**Data extract**:
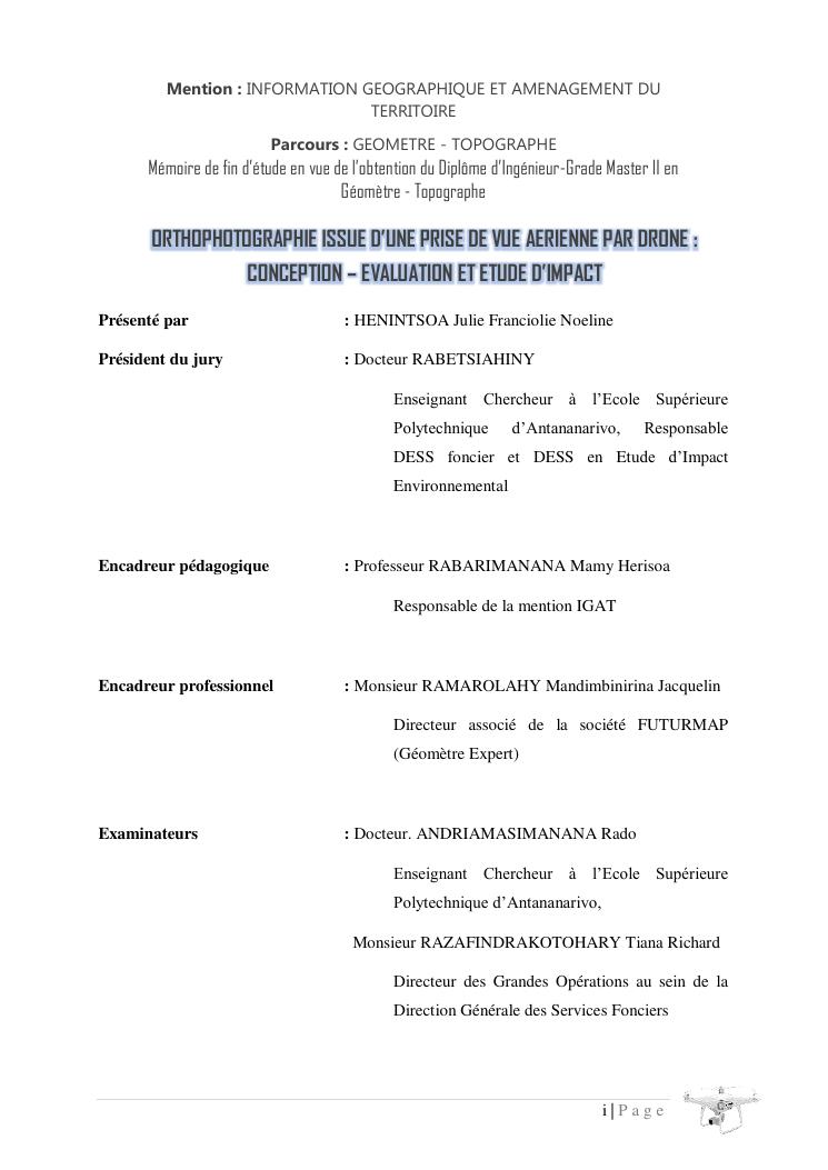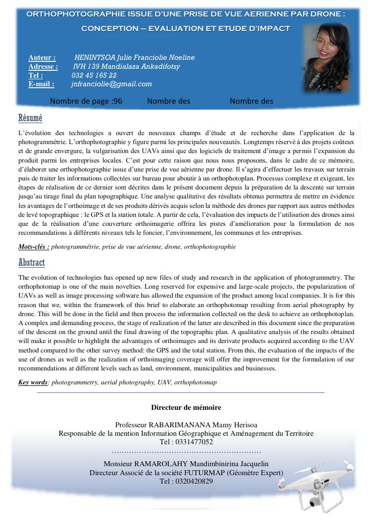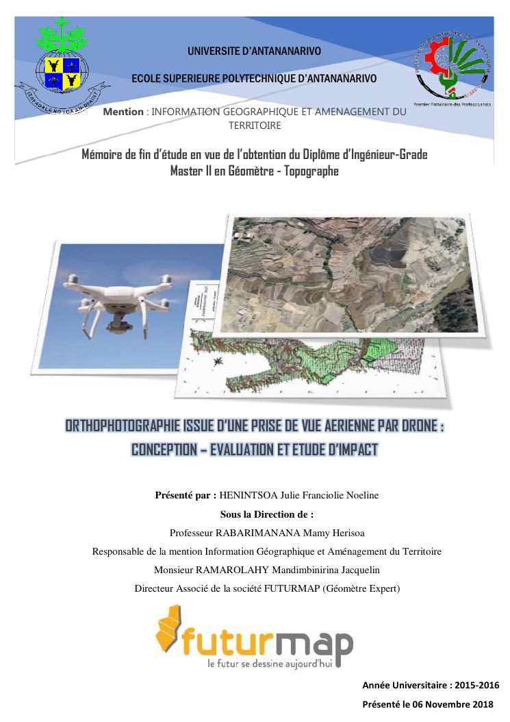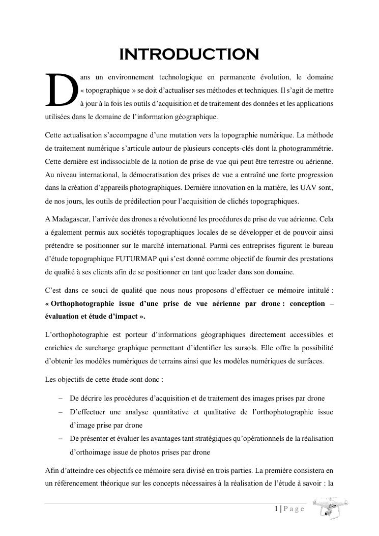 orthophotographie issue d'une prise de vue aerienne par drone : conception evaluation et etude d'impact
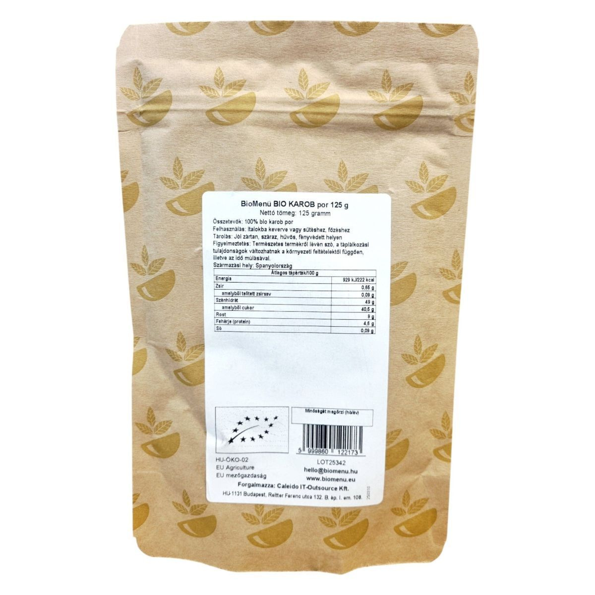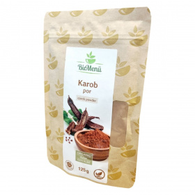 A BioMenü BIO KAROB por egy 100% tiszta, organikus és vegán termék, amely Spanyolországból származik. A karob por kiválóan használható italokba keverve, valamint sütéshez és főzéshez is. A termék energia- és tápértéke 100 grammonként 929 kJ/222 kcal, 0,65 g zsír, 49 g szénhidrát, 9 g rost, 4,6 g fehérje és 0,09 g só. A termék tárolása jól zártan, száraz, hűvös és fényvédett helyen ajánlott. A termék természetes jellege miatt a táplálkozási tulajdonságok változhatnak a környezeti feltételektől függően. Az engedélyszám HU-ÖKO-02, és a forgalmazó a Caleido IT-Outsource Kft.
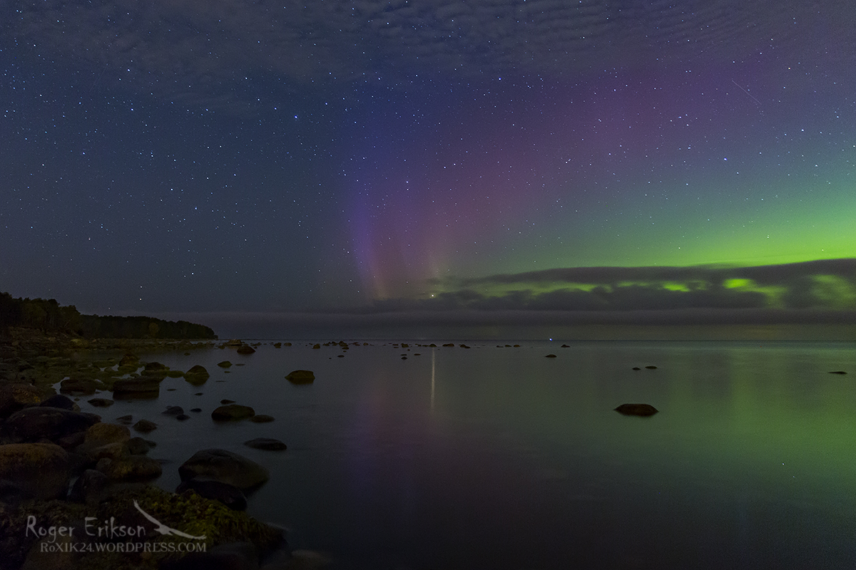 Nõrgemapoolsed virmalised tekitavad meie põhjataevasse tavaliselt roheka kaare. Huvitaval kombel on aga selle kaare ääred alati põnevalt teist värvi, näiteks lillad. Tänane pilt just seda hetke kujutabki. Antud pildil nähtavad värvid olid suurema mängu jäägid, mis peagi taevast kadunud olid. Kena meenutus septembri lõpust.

* * *

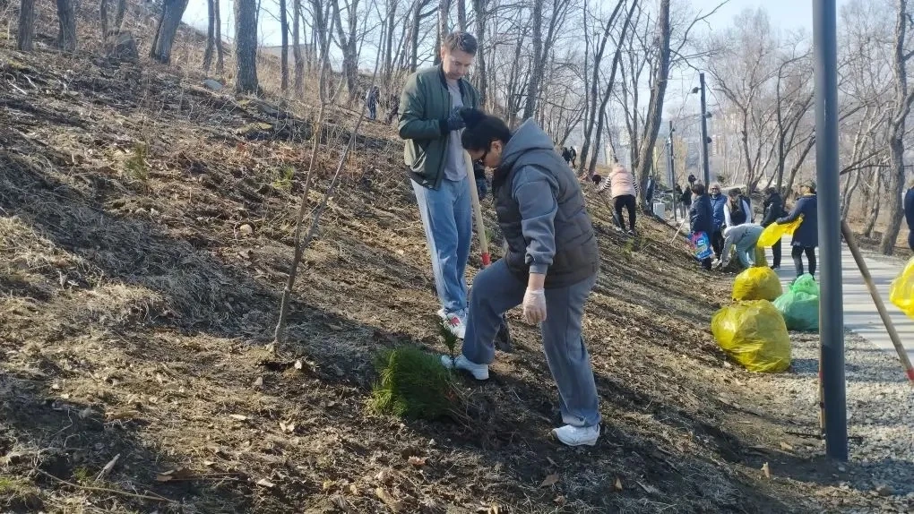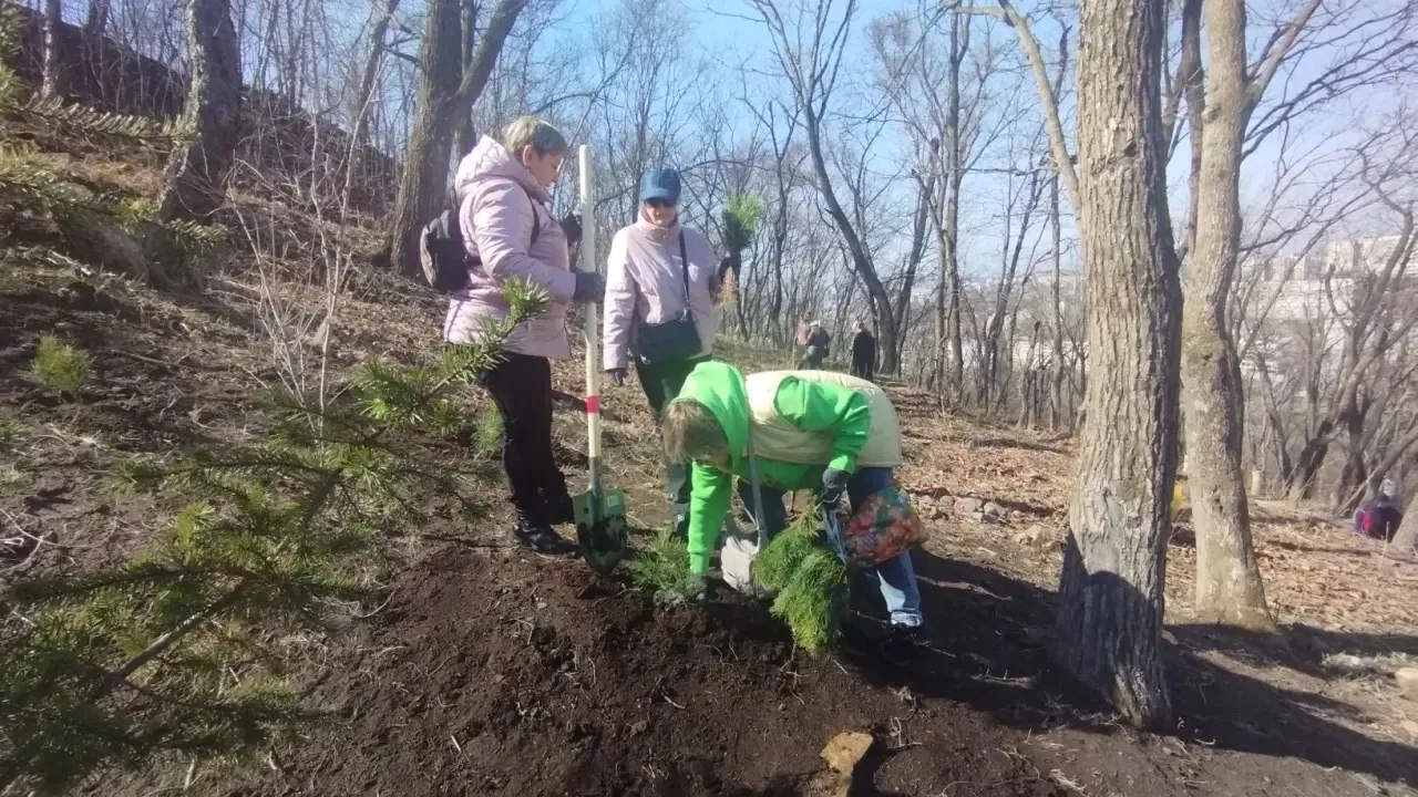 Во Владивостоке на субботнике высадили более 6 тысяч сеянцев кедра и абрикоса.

**What the task asks**: In the entries above, find the line with "orthophotographie issue d'une" and the line with "Nõrgemapoolsed virmalised tekitavad". Return exactly those lines and all the ones between them, pictures excluded.

**Written answer**:
 orthophotographie issue d'une prise de vue aerienne par drone : conception evaluation et etude d'impact
 A BioMenü BIO KAROB por egy 100% tiszta, organikus és vegán termék, amely Spanyolországból származik. A karob por kiválóan használható italokba keverve, valamint sütéshez és főzéshez is. A termék energia- és tápértéke 100 grammonként 929 kJ/222 kcal, 0,65 g zsír, 49 g szénhidrát, 9 g rost, 4,6 g fehérje és 0,09 g só. A termék tárolása jól zártan, száraz, hűvös és fényvédett helyen ajánlott. A termék természetes jellege miatt a táplálkozási tulajdonságok változhatnak a környezeti feltételektől függően. Az engedélyszám HU-ÖKO-02, és a forgalmazó a Caleido IT-Outsource Kft.
 Nõrgemapoolsed virmalised tekitavad meie põhjataevasse tavaliselt roheka kaare. Huvitaval kombel on aga selle kaare ääred alati põnevalt teist värvi, näiteks lillad. Tänane pilt just seda hetke kujutabki. Antud pildil nähtavad värvid olid suurema mängu jäägid, mis peagi taevast kadunud olid. Kena meenutus septembri lõpust.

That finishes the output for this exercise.